Страница 12 из 13
– А тела? – удивился я. – Что же, их уничтожили?
– Да нет, – ответил Бирн. – Хранились в холодильнике некоторое время, но потом списали за ненадобностью. А куда деваться? Сейчас почти нереально найти работу, а тело всё-таки требует реализации многих потребностей. Ну, что я вам рассказываю? Сами понимаете. Давайте-ка лучше займёмся вашим случаем. Вы говорите, что слишком обострённо всё чувствуете. Но, как я вам уже много раз повторял, это очень субъективно. Зависит от вашего отношения. Так почему же вы не делаете упражнения?
– Понятно почему, – я мотнул головой, отчего стрельнуло в шею, вокруг головы заплясали яркие вспышки, и я еле не отключился снова. – Когда вы мне их показывали, я был не вполне в состоянии воспринимать ваши объяснения. Да и сейчас не испытываю энтузиазма.
– Ну и зря, – сочувственно произнёс Бирн. – По сути, психологические тренировки – это единственное, что по-настоящему может вам помочь. Давайте-ка. Сядьте поудобнее. Закройте глаза.
Я постарался усесться потвёрже, но ягодицы даже сквозь толстый халат воспринимали скамейку как недружелюбную шершавую и бугристую поверхность. Через закрытые веки пробивалось достаточное количество света, чтобы мне хотелось зажмуриться ещё сильнее.

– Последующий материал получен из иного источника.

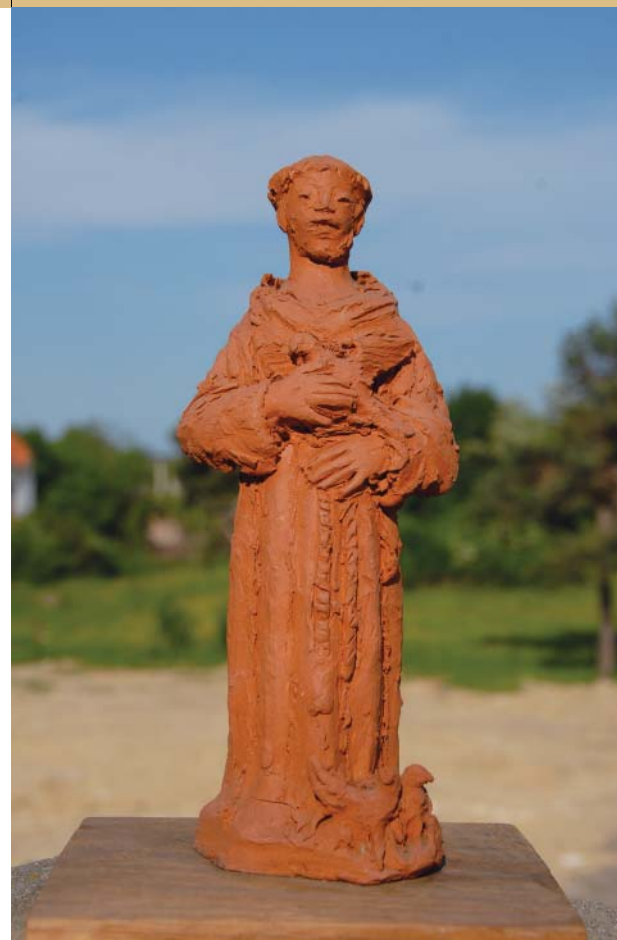
Pavo Perić, Sveti Franjo

Novac nije, smatraju oni, nikada imao stvarnu vrijednost, nego je počivao na temelju povjerenja u njegovu realnu vrijednost. Kad je to povjerenje razrušeno različitim i običnim ljudima često nerazumljivim novčarskim malverzacijama, bilo je samo pitanje kad će cijeli sustav doći u pitanje. Opća kriza povjerenja stoga je uzrok recesiji. A kad se ona opet uveže s već stoljećima prisutnom krizom kršćanskoga identiteta te s krizom same ideje Europe, koja je kršćanskoga podrijetla, onda je ona sama po sebi razumljiva.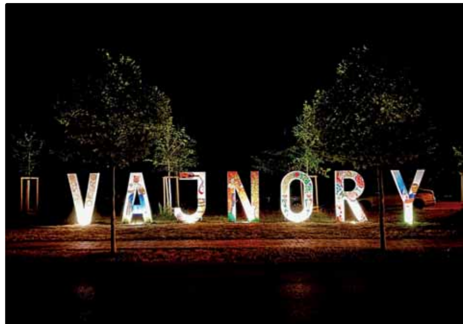
Nápis VAJNORY svieti aj v noci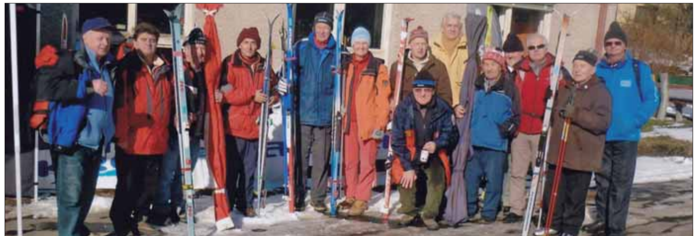
Priami účastníci vojny, ktorí tohto roku pretekali na Bielej stope.

Pre nás členov Slovenského zväzu protifašistických (Pokračovanie na str. 2)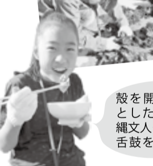
カキを縄から外します。

「カキ養殖体験～収穫～」を開催しました。4月に参加者さんが里浜の海に吊るしたカキは大きく成長し、一縄から100個以上の収穫。今年は大漁でした!

– Найдите в своём теле любое ощущение, которое вы можете воспринимать постоянно и наиболее отчётливо, – сказал Бирн. – Например, это может быть дыхание, течение крови в сосудах или шевеление тестикул на голове.
– У меня нет тестикул на голове, – заметил я.
– Простите, – сказал Бирн. – Мне приходилось работать с разными пациентами. Ну, предположим, сосредоточьтесь на своём дыхании, если вы его чётко ощущаете. Почувствуйте, как на каждом вдохе расширяется грудная клетка, а на каждом выдохе…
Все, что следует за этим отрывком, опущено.